[[ DATASET EXTRACT, beginning ]]

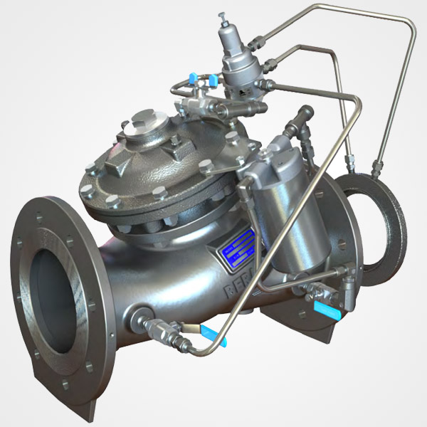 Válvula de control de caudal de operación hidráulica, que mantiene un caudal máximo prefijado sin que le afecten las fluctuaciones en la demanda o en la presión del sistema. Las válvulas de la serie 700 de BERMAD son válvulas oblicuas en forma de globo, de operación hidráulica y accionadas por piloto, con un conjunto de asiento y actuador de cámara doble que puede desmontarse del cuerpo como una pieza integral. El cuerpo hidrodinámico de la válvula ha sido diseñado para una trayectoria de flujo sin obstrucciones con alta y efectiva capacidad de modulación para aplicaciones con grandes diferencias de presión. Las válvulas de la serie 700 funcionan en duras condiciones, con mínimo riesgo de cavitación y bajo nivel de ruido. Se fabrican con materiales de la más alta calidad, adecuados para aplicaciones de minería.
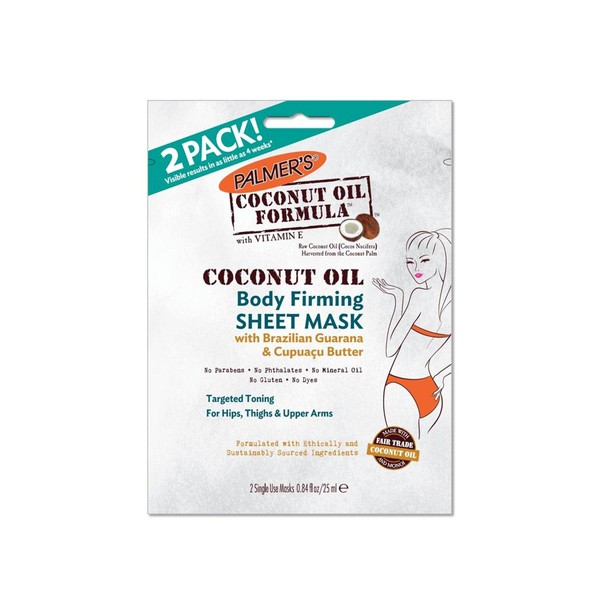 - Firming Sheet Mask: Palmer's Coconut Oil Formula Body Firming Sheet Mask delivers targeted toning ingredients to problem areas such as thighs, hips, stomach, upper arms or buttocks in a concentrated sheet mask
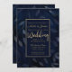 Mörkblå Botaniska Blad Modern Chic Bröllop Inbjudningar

[[ DATASET EXTRACT, end ]]
[[ DATASET EXTRACT, beginning ]]

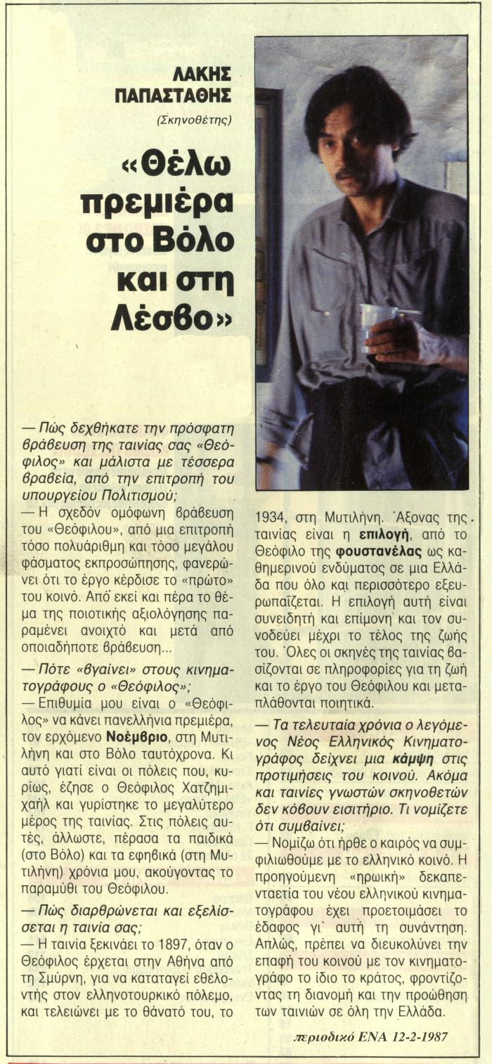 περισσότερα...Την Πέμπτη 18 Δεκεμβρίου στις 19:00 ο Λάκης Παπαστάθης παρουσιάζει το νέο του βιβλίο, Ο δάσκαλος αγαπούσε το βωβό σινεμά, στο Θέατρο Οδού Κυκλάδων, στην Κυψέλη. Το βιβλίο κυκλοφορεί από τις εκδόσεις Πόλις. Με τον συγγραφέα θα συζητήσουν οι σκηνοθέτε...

[[ DATASET EXTRACT, end ]]

**WHAT IS REQUIRED**: Pictures do not belong in the answer. Return the lines above starting at the one with "- Firming Sheet" and ending at the one with "Mörkblå Botaniska Blad", both kept, exactly.

**TASK SOLUTION**:
 - Firming Sheet Mask: Palmer's Coconut Oil Formula Body Firming Sheet Mask delivers targeted toning ingredients to problem areas such as thighs, hips, stomach, upper arms or buttocks in a concentrated sheet mask
 Mörkblå Botaniska Blad Modern Chic Bröllop Inbjudningar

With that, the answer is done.